Search code examples
pythonpython-requestsgeturllib

Python program times-out when hitting this website


Why does this function fail to read XML from "https://www.seattletimes.com/feed/"?

I can visit the URL from my browser just fine. It also reads XML from other websites without a problem ("https://news.ycombinator.com/rss").

import urllib


def get_url(u):
    header = {'User-Agent': 'Mozilla/5.0'}
    request = urllib.request.Request(url=url, headers=header)
    response = urllib.request.urlopen(request)
    return response.read().decode('utf-8')

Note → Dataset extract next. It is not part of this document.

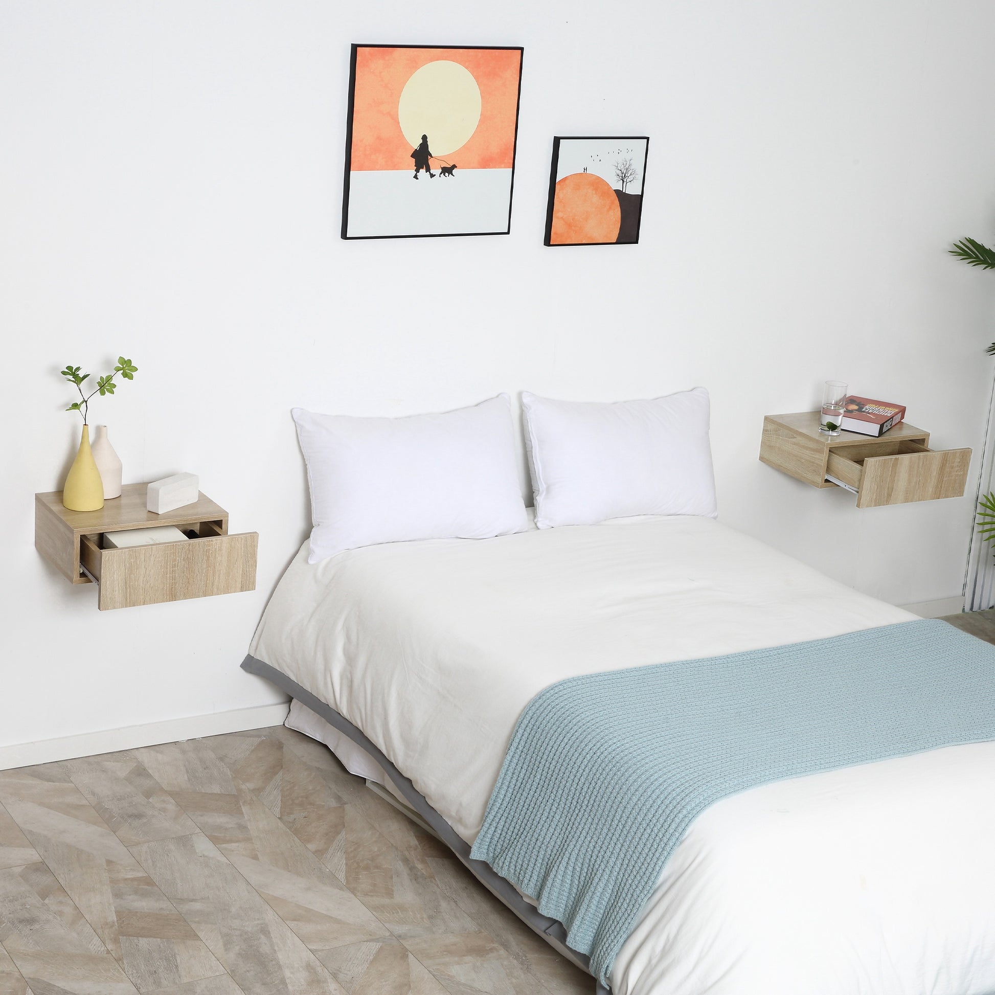 • - SET OF 2 NIGHTSTANDS: This product consists of 2 wall-mounted bedside tables with identical features. In a modern and elegant style and natural wood color. To fit perfectly in your bedroom or guest room

url = 'https://www.seattletimes.com/feed/'

feed = get_url(url)

print(feed)

The program times out every time.

Ideas?:

  • Maybe header need more info (Accept, etc.)?

EDIT1:

I replaced with the request header from the script with my browser header. Still no-go.

header = {
    'Accept': 'text/html,application/xhtml+xml,application/xml;q=0.9,image/avif,image/webp,image/apng,*/*;q=0.8,application/signed-exchange;v=b3;q=0.9',
    'Accept-Encoding': 'gzip, deflate',
    'Accept-Language': 'en-US,en;q=0.9',
    'Connection': 'keep-alive',
    'Accept-Language': 'en-US,en;q=0.9',
    'Connection': 'keep-alive',
    'Upgrade-Insecure-Requests': '1',
    'User-Agent': 'Mozilla/5.0 (Windows NT 10.0; Win64; x64) AppleWebKit/537.36 (KHTML, like Gecko) Chrome/96.0.4664.110 Safari/537.36' }

Solution

  • I am not quite sure why but the header/user-agent was confusing the website. If you remove it your code works just fine. I've tried different header arguments without issues, the user-agent seems to be what causes that behaviour.

    import urllib.request
    
    
    def get_url(u):
        request = urllib.request.Request(url=url)
        response = urllib.request.urlopen(request)
        return response.read().decode('utf-8')
    
    url = 'https://www.seattletimes.com/feed/'
    
    feed = get_url(url)
    
    print(feed)
    

    After some debugging I have found a legal header combination (keep in mind I consider this a bug on their end):

      header = {
            'User-Agent': 'Mozilla/5.0',
            'Cookie': 'PHPSESSID=kfdkdofsdj99g36l443862qeq2',
            'Accept-Language': "de-DE,de;q=0.9,en-US;q=0.8,en;q=0.7",}